Doch bevor er nun seinem dienstlichen Zorn freien Lauf lassen konnte, war er ganz
beeindruckt von der Muttergottes, wie sie ihn so freundlich ansah, und ihm wurde
plötzlich klar, daß er unmöglich die heilige Familie würde verhaften können – und er
wünscht ihnen einfach eine gute Weiterreise. Das ist nun freilich dem Herrn Teufel
Pospisil, der sich schon am Ziel seiner Bemühungen gesehen hatte, die sogenannte
Erlösung der Welt zu vereiteln, gar nicht recht gewesen, und er sprang wütend die
Muttergottes an, die das liebe Jesulein schützend an ihrer Brust barg und den Herrn
Teufel Pospisil respektive den Waldi mit einem sanften Klaps abwehrte. Als aber die
Muttergottes den Waldi berührte, bekam der darinnen befindliche Herr Teufel Pospisil
einen solchen Schrecken, daß er aus dem Hunde wieder ausgefahren ist – und nun gar
nicht wußte, wie er seinen Auftrag noch weiter verfolgen sollte, da er ja, einmal
ausgefahren, nicht wieder in das arme Tier hineinfahren durfte.
Z:
Während nun der Wachtmeister die heilige Familie über die schlesische Grenze
geleitete, verließ auch der Engel Gabriel den Esel, der dann natürlich wieder alleine hat
18
gehen müssen und deshalb lieber mit dem Auto gefahren wäre – aber das ist eine andere
Geschichte. Und der Gabriel sprach den Teufel vertraulich an:
H:
„Du! Magst net zu uns kommen, zu die himmlischen Heerscharen. So Teufelskerle wie
dich kannt‘mer gut brauchen.“
Z:
Dieser Vorschlag gefiel nun dem Herrn Teufel Pospisil sehr, weil er sich ja in der Hölle
nicht mehr sehen lassen konnte, und er beantragt Asyl bei den himmlischen
Heerscharen. Er wird freilich vorläufig abgelehnt (da er zweifelsohne zum
morgentlichen Engelschor IMMER zu spät gekommen wäre) und für eine
Übergangszeit in ein christ-katholisches Wohnheim eingewiesen, unter der strengen
Auflage, ENDLICH die dortige Satellitenschüssel zu reparieren. Und um die Integration
zu erleichtern, wurde ihm ein Landsmann als Bewährungshelfer an die Seite gestellt, der
ihn mit theologischer Lebenskunst durchs Leben helfen sollte:
E:
„Geh, kimm, i zoag dea woas loang gehd.
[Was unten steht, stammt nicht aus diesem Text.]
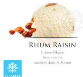
00020244 RHUM RAISINS CREME GLACEE ARTISANALE 2.5L

Aba loaß mi no die zwoade Hoabzaed fertig
oaschauggn!“
H:
Und mit einem großen Schlüsselbund klapperte er vor seiner Zimmertüre, bis selbige
sich lieber von selber ins Schloß fallen lies, um eine ernsthafte Beschädigung zu
vermeiden.
Z:
Der heiligen Familie aber können wir einen Blick nachwerfen, wie sie ins Schlesische
einziehen, wo gewiß kein Mensch sie möchte an den König Herodes ausliefern wollen,
so daß sie sicher nach Ägypten möchten gekommen sein, wie geschrieben steht, da es ja
vom Schlesischen auch dorthin nicht mehr weit gewesen sein möchte – so daß also das
mit dem Wunder im Stall von Bethlehem begonnen habende Werk der Erlösung der
Welt auch zum Nutzen und Heil des Königreichs Böhmen und seiner Bewohner seinen
weiteren Fortgang möchte genommen haben.